[NetBehaviour] any thoughts about "Comedian"?

Max Herman maxnmherman at hotmail.com
Sat Dec 14 17:40:22 CET 2019

Hi all,

The coal mine comparison is interesting.  The below article about insects which I read this fall has an interesting idea about "shared substance," like honey in the case of bees, and how it can organize complex systems by feedback through a "shared stomach" which acts as a feedback buffer and "information center."


Maybe in "Comedian" the shared substance is not just bananas (food) or tape (tools) but laughter?  Like a silver-lining gesture, never certain but always hoped-for.

Somewhat interesting review in the Guardian that references flow metaphors in Cattelan:


I've noticed some posts bouncing since yesterday; is anyone else having issues?

All best and happy Saturday,


>From the insect article:

"A key problem for complex systems is achieving resilience through their (often nonlinear) interactions between components.

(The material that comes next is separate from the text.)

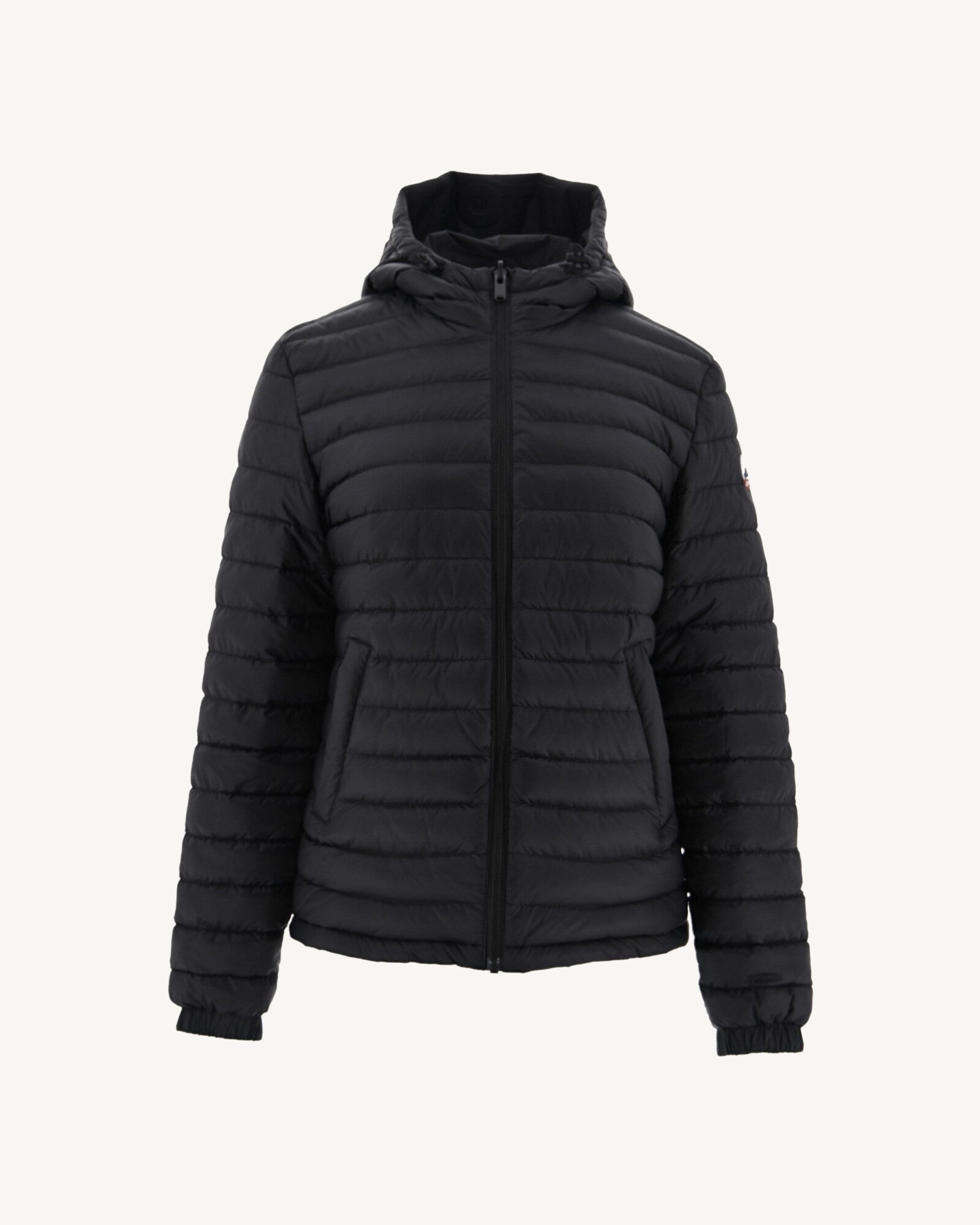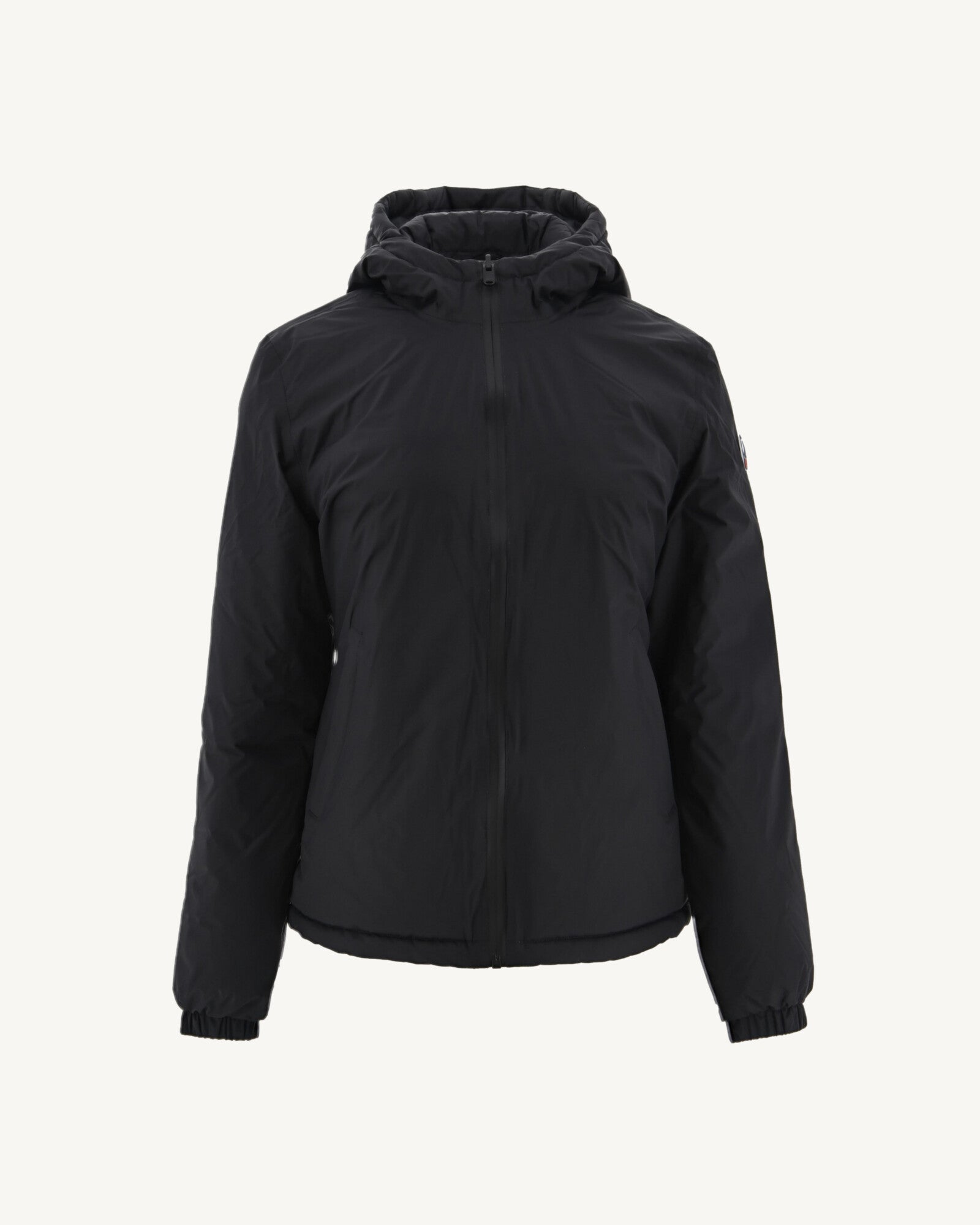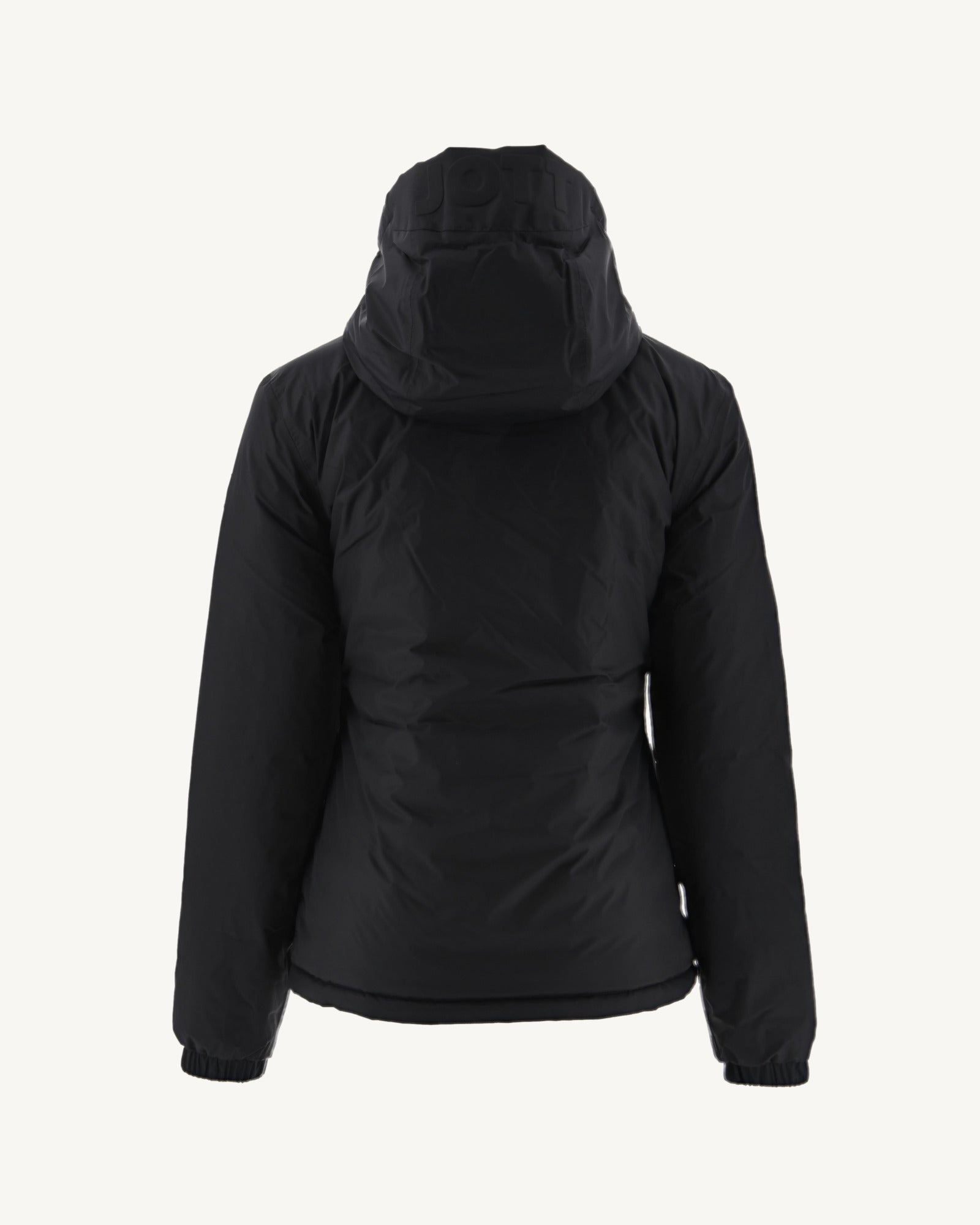 La doudoune réversible pour femme VIENNE est une pièce permanente du vestiaire de JOTT. Retrouvez sa légèreté et son confort au fil des saisons avec ce modèle dont les deux faces ont le même coloris : l'une parfaitement imperméable (fermeture zippée étanche ), l'autre en matelassage. La capuche présente le logo de la marque, les poches sont passepoilées, les coutures thermosoudées. . . Ce modèle est disponible en noir et en marine.
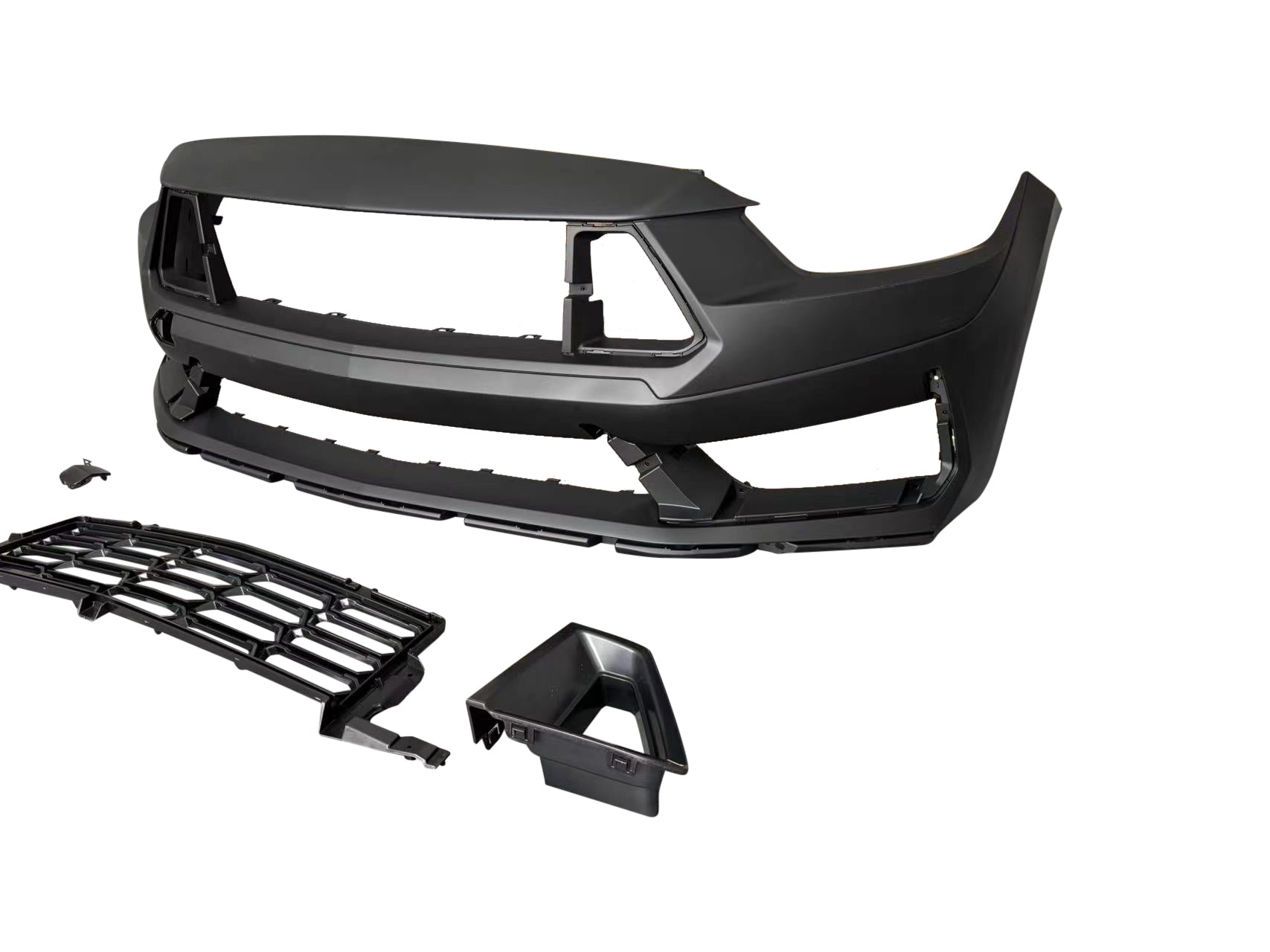 Transform your 2015-2017 Mustang S550 with the S650 Dark Horse Conversion Bumper Kit. Inspired by the 2024 Dark Horse, this kit features an aggressive design with sharp lines, larger air intakes for improved cooling, and a race-inspired lower splitter. Made from durable ABS plastic and polypropylene, it offers lightweight resilience against minor impacts while maintaining a sleek, modern look.

Social insect colonies are natural examples of highly scalable systems that achieve homeostatic self-regulation based on local interactions. We describe a “functional core model” that we identified in three different insect societies (wasps, ants, and honey bees). This core model is based on self-regulation through a shared (limited) substance that works as an information center and as a buffer system simultaneously. This system has several adaptive properties, as it is robust against environmental disturbances and insensitive against parameter changes. Finding such a “common core model” is of high significance in understanding the discrete transitions from individuality to sociality in several animal species through convergent evolution."

From: NetBehaviour <netbehaviour-bounces at lists.netbehaviour.org> on behalf of Patrick Lichty <lists at voyd.com>
Sent: Wednesday, December 11, 2019 6:01 AM
To: netbehaviour at lists.netbehaviour.org <netbehaviour at lists.netbehaviour.org>
Subject: Re: [NetBehaviour] any thoughts about "Comedian"?

Mainly, this is Cattelan in fine form. Taking the Duchampian approach to the art market is fine, except for the sales amount.
In some ways, the gesture is a bit of a problem based on this, but on the other hand, perhaps Cattelan nails the critique in doing so.
Dan Detuna's eating of the banana was good but expected, and the scrawl about Epstein just seemed purely tactical.
The iterations of derivatives is amusing, but in so doing, I think that it shows the frustrations about the art world, its level of hypercapitalization, hyperprofessionalism, hypermarketing, and in my opinion, I feel it is a harbinger of a correction in the next few years if not sooner.

Good on Cattelan for showing the Emperor's clothes, and selling them to him. It was a good Duchampian crit on the current state of the art world.
And don't get me wrong, there is nothing wrong with selling art, but as Lovink's new anthology on design states, and Schnayer's book, Boom both talk about is that the art world have changed so much in the past 15 years, and I share Marc's differences regarding the dominance of the neoliberal influence in it.  As some of my students tell me, their first impulse is to shape their practices to the market even before their vision is formed.  I find this perverse.
I don't think the canary in the coal mine will shut it down as long as the bosses figure there is still coal to mine.
And maybe this is a bad metaphor; perhaps we should urge shutting down the coal mine in favor of sustainable and renewable models.
Just metaphors.

On Tue, 10 Dec 2019 18:21:35 +0000, Max Herman via NetBehaviour <netbehaviour at lists.netbehaviour.org> wrote:

Hi all,

I'm wondering if this art work can be mapped usefully or helpfully by a network hypothesis, as I'm trying to do vis-a-vis the Mona Lisa in "The Work of Art in the Age of Network Reproduction."

It does seem that the work is fundamentally designed to create ripples across media networks and society, in myriad forms like conversation, criticism, tweets, selfies, high-fives, etc.  Maybe the price is designed to give the artist three years of living expenses.  The duct tape represents the cheapest and most obvious way to "affix" an object to a location ( or as Stevens says, "let the lamp affix its beam").

Bananas represent empire, colonialism, and injustice (as in a banana republic), mass consumption, food networks, deforestation, racism (as when thrown onto football pitches), phallocentrism, poverty, etc.

When a banana is opened and consumed, you have a waste product -- a peel.  When someone steps on a peel and slips, that's a system intervention of a comic sort (though it's also a huge danger of severe brain injury).  Comedy is a staged performance where conflict and danger are resolved peacefully, without death as in the case of tragedy, with the participants laughing and feeling relief, a rescue from disaster and absolution from the guilt of unacknowledged wrongdoing.  Comedians are people who try to make comedy, not just the ones who succeed.

Has this all already been said?  Maybe so!  Does it relate to "Distant Feelings"?  I think there is a correlation that reflects very well on Abrahams' work.  It's not so much the object, but the network flow in time in which the process indicated by the object occurs and has or doesn't have influence.  I think it also relates to the Mona Lisa, in that Leonardo is also hoping to help make better possible futures more possible.